Une particularité propre à ce qui ressemble fort à un "courant de pensée" est qu'il est en général, autant que je puisse en juger, porté par ceux qui ont une profonde expérience d'internet, autrement dit qui l'ont vu naître, évoluer, et - de toute évidence - ont la conviction que ce qu'on en voit aujourd'hui (réseaux sociaux, hyper concentration de la recherche, etc.) ne sont que des avatars de ce qu'il sera demain. Et, si ma lecture est juste, je partage leur conviction et suis donc naturellement tenté par leur faire crédit de leurs conclusions. 

Code is law

Tout cela pourrait paraître un doux rêve d'illuminés perfusés à l'internet. Il n'en est rien, loin de là. Pour s'en convaincre il suffit de se remémorer l'article fondateur de Lawrence Lessig "code is law" dont on trouve, grâce au projet Framalang, une excellente traduction française

L'article pose une vérité qu'on a souvent tendance à oublier ou mésestimer : "La question n’est donc pas de savoir qui décidera de la manière dont le cyberespace est régulé : ce seront les codeurs. La seule question est de savoir si nous aurons collectivement un rôle dans leur choix - et donc dans la manière dont ces valeurs sont garanties - ou si nous laisserons aux codeurs le soin de choisir nos valeurs à notre place".

En contestant l'idée d'une commission permanente internet au Parlement, et en plaidant implicitement pour une démocratie "bottom-up", mes contradicteurs répondent clairement à cette question : oui, nous devons avoir collectivement un rôle dans les choix des codeurs. Là est le parlement-internet.

L'expérience nous montre que ce n'est pas de la science-fiction : combien de tentatives de "codes malveillants" voire intrusifs, notamment en termes de données personnelles, ont échoué sous la pression de la dénonciation des internautes ? Bottom-up toujours. Pour ne même pas aborder les questions de Wikileaks ou, plus récemment, d'Edward Snowden.

De là à imaginer que la fabrique de la Loi (qui était mon point de départ) puisse se faire de la même façon il n'y a - en effet - qu'un pas.

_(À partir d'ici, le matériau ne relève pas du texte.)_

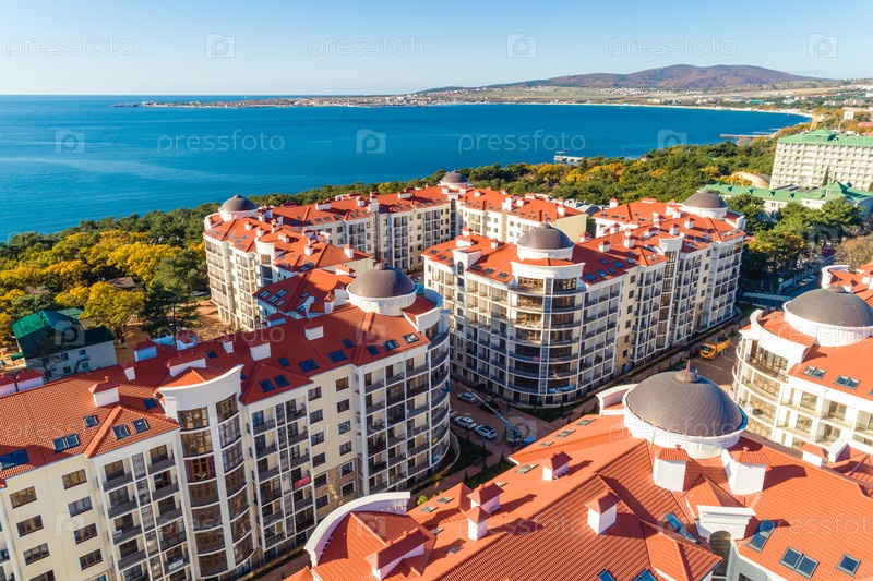 Многоэтажный жилой комплекс с красными крышами расположен на берегу Геленджикского залива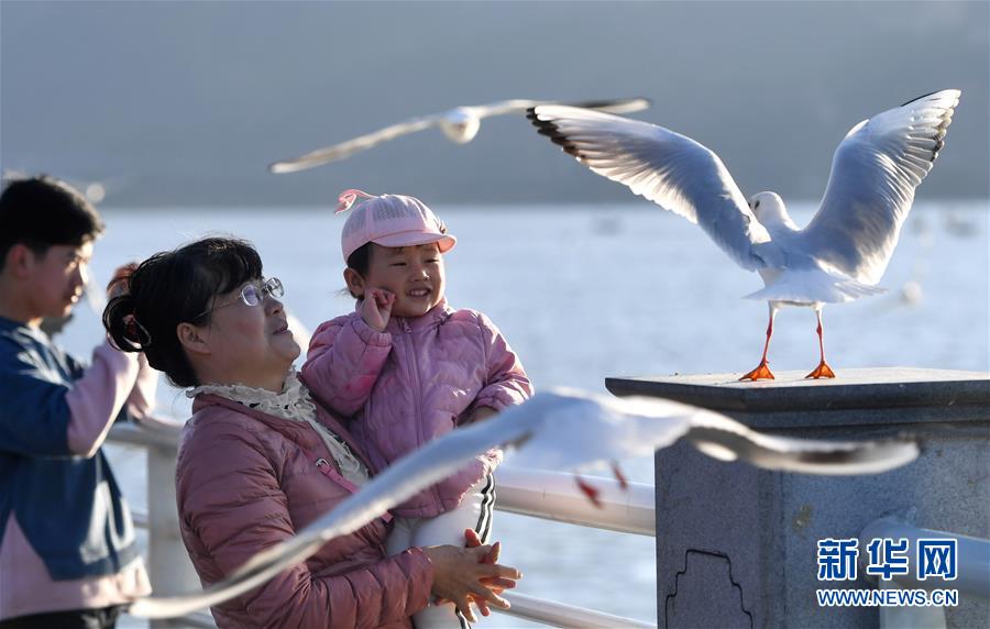 12月18日,人們?cè)诶ッ骱9〈髩斡^賞、投喂紅嘴鷗。 近日,“春城”昆明陽(yáng)光明媚,氣候宜人,市民游客紛紛來(lái)到海埂大壩、翠湖公園等地,與前來(lái)越冬的紅嘴鷗近距離接觸,人鷗同樂。紅嘴鷗是云南昆明的“榮譽(yù)市民”,每年秋冬季都會(huì)來(lái)到昆明越冬。 新華社記者 藺以光 攝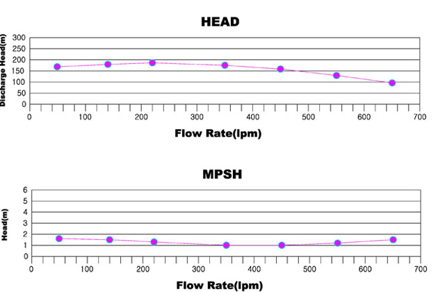 허용 유량은 10~35m3/h, 토출압력은 최대 3.2MPa까지 도달합니다.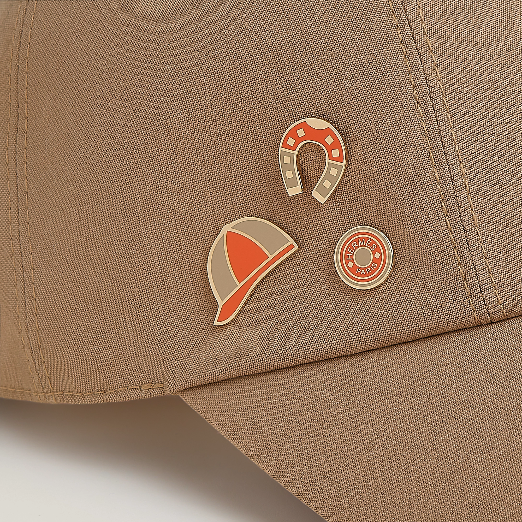 Cap in compact wool poplin with non-removable colored lacquered polished palladium-plated “Clou de Selle”, “Fer a Cheval” and “Bombe d’Equitation” brass fasteners on the side. Lining in “Jump” jacquard cotton and silk. Adjustment tab with two polished palladium-plated Clou de Selle snap closures.
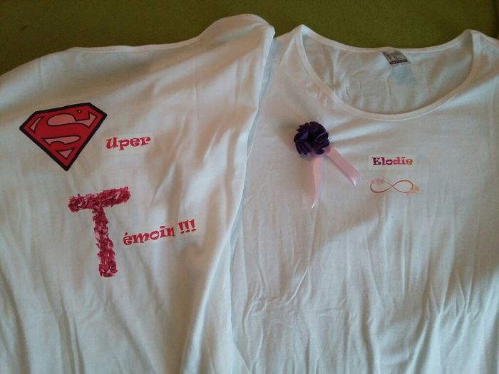 Pour mes témoins "super témoin" au dos. le prénom le signe de l'infini devant avec une fleur en tissu. En bleu pour les hommes de face Et en dernier pour le lendemain du mariage ! Devant un badge "2oui pour un nom" En anglais "fraîchement marié avec...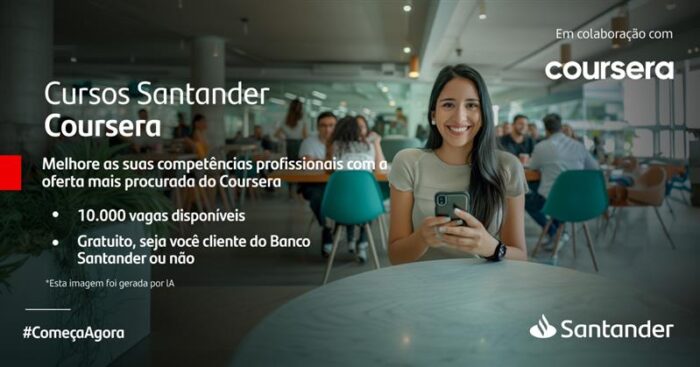 O Santander firmou uma parceria com a plataforma global de aprendizagem online Coursera, que irá oferecer 10 mil bolsas gratuitas para acessar todo o conteúdo de treinamento da plataforma por um ano. Os contemplados poderão se candidatar a uma das vagas em cursos relacionados com marketing e comunicação, soft skills, critérios de sustentabilidade ESG (ambiental, social e governança), ciência de dados ou cibersegurança, bem como certificações profissionais da IBM, Microsoft, Google ou AWS, entre outros. As inscrições podem ser feitas até 19/03/205 na plataforma Santander Open Academy: https://app.santanderopenacademy.com/pt-BR/program/coursera-professional-certifications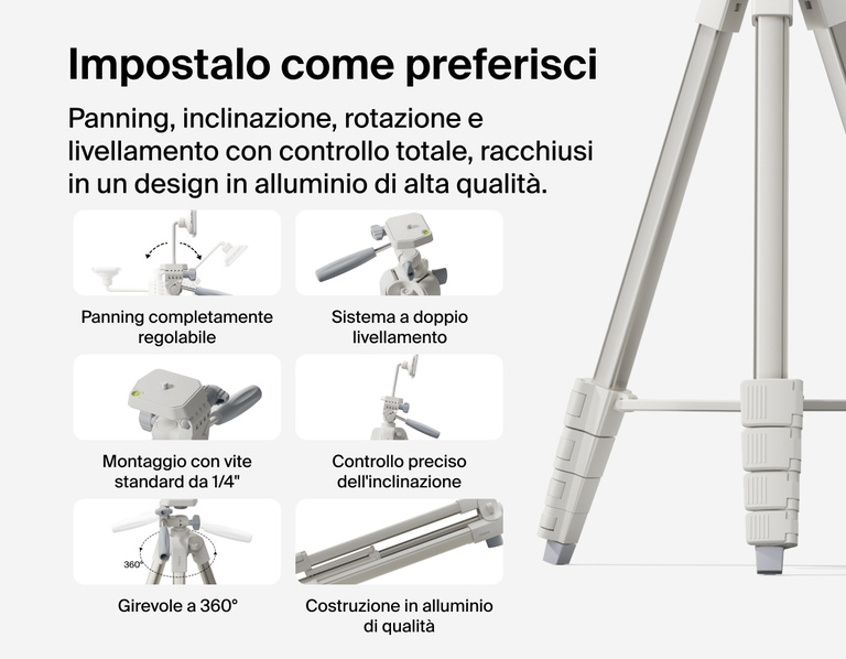 Non importa che tu sia un principiante alle prime armi o un esperto professionista, il kit di accessori per content creator Stage include tutto ciò di cui hai bisogno per scatenare la tua creatività e creare contenuti coinvolgenti. Il kit comprende un treppiede resistente, un supporto magnetico per telefono con angolazione regolabile e un paio di microfoni a clip indossabili per rendere ancora più entusiasmanti i tuoi video, vlog, podcast e altro ancora.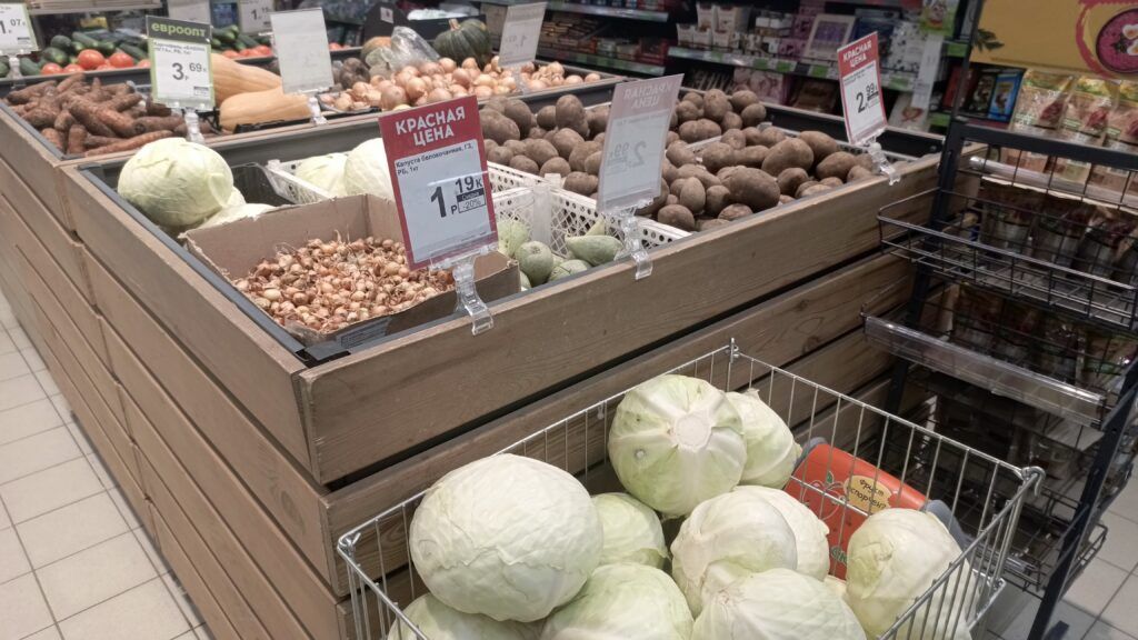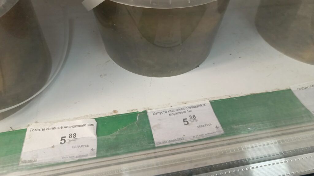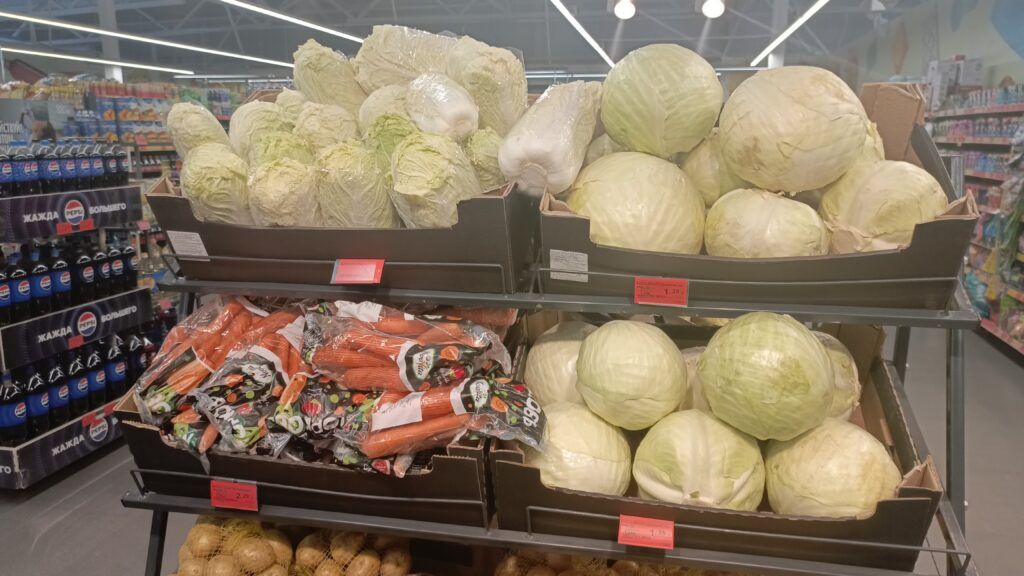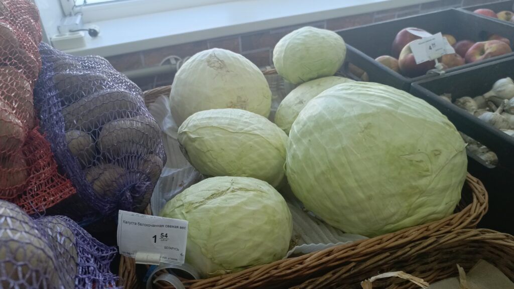 Чтобы посмотреть, сколько стоит свежая капуста и какой предлагают ассортимент квашенной, отправились по трем торговым точкам Узды. Заглянули в «Копееечку», «Евроопт» и магазин райпо.

Tout simplement parce que la nature même du "besoin de Loi" est en train de changer, en témoigne cette fameuse accumulation de textes relatifs à internet à laquelle je faisais référence.

On se prend à rêver d'un monde où il n'y a d'autre régulation que celle du code qui circule par l'individu qui l'utilise. D'où, d'ailleurs, l'importance essentielle d'apprendre le code aux enfants et ce dès que possible. Quelque chose que nous faisions avant en France, qui a disparu mais semble revenir. Il était temps. Parce que c'est la connaissance qui rend libre, et que, comme le dit l'un de mes contradicteurs, "internet est un accélérateur de diffusion".

Je me souviens d'une édition d'Autrans autour de 2006 ou un groupe de gamins canadiens d'environ 8/9 ans était venu montrer comment ils savaient, déjà, coder leur moteur de blog. A cette époque, en France, on faisait des "plans" pour expliquer aux enfants du même âge comment utiliser Word, Excel, Internet Explorer ... Le jour et la nuit. Le code et le web.

Si je reste perplexe face à cette "perspective d'internet" que j'ai comprise au travers des interventions de mes contradicteurs, je les remercie d'avoir pris le temps de les faire, parce qu'elles m'ont permis de remonter un peu plus loin dans ma propre connaissance et ma propre mémoire d'internet, et d'élargir le périmètre de ma réflexion sur le sujet.